The result bindings are mapped to dense node IDs (first-seen order) and returned to the caller.

`/api/graph` also returns `meta` with snapshot counts and engine info so the frontend doesn't need to call `/api/stats`.

If a cycle is detected in the returned `rdfs:subClassOf` snapshot, `/api/graph` returns HTTP 422 (layout requires a DAG).

## Pipelines

### `pipelines/graph_snapshot.py`

`fetch_graph_snapshot(...)` is the main "export graph" pipeline used by `/api/graph`.
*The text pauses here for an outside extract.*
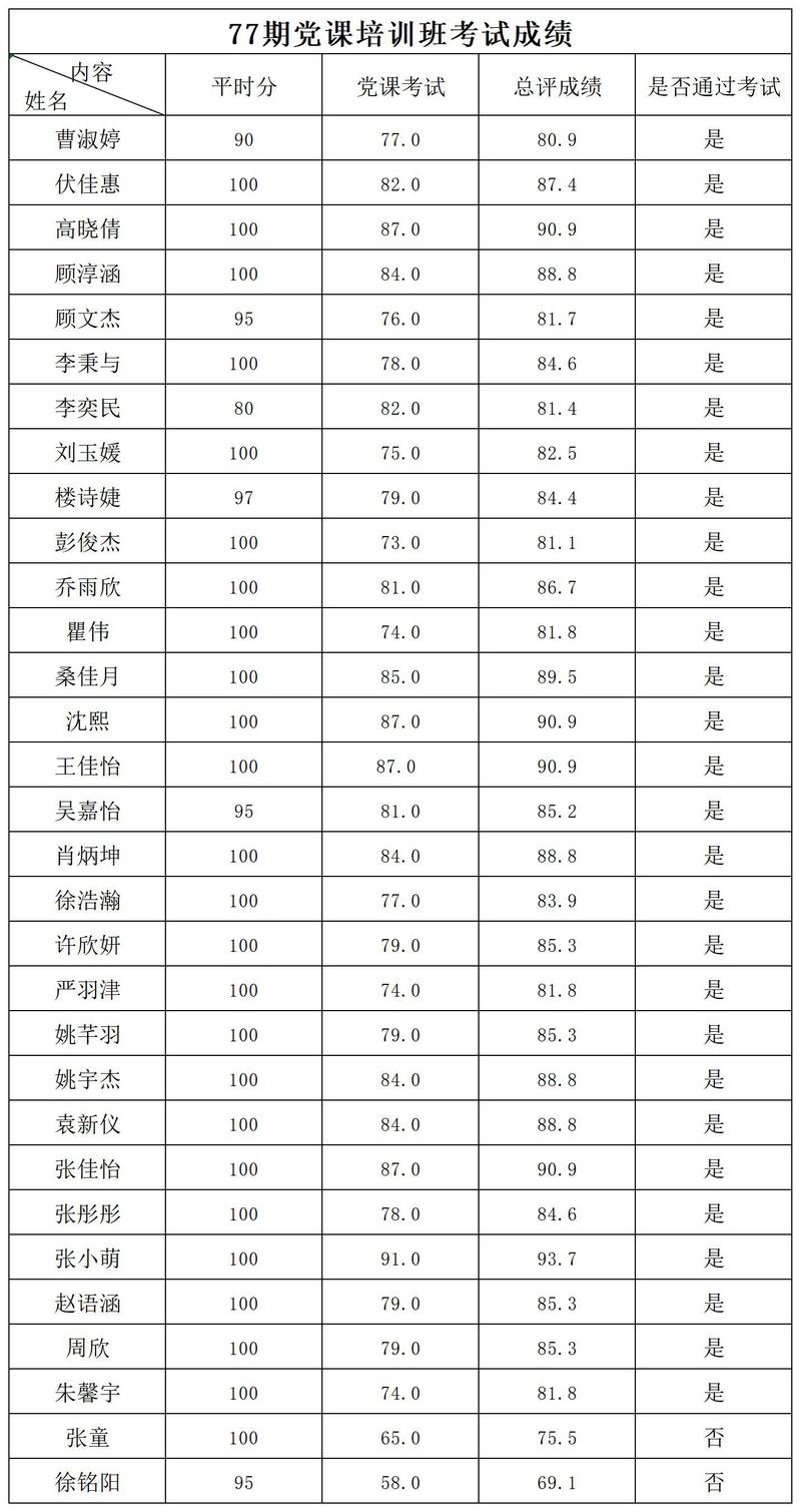 为贯彻落实习近平新时代中国特色社会主义思想,深入学习党章党规知识及党的有关文件内涵,我院开展了第77期党章党规培训与考试。现将考核结果公示,名单如下:

### `pipelines/subclass_labels.py`

`extract_subclass_entities_and_labels(...)`:

1. Queries all `rdfs:subClassOf` triples.
2. Builds a unique set of subjects+objects, then converts it to a deterministic list.
3. Queries `rdfs:label` for those entities and returns aligned lists:
   - `entities[i]` corresponds to `labels[i]`.

## Notes / Tradeoffs

- `/api/graph` returns only nodes that appear in the returned edge result set. Nodes not referenced by those edges will not be present.
- AnzoGraph SPARQL feature support (inference, extensions, performance) is vendor-specific.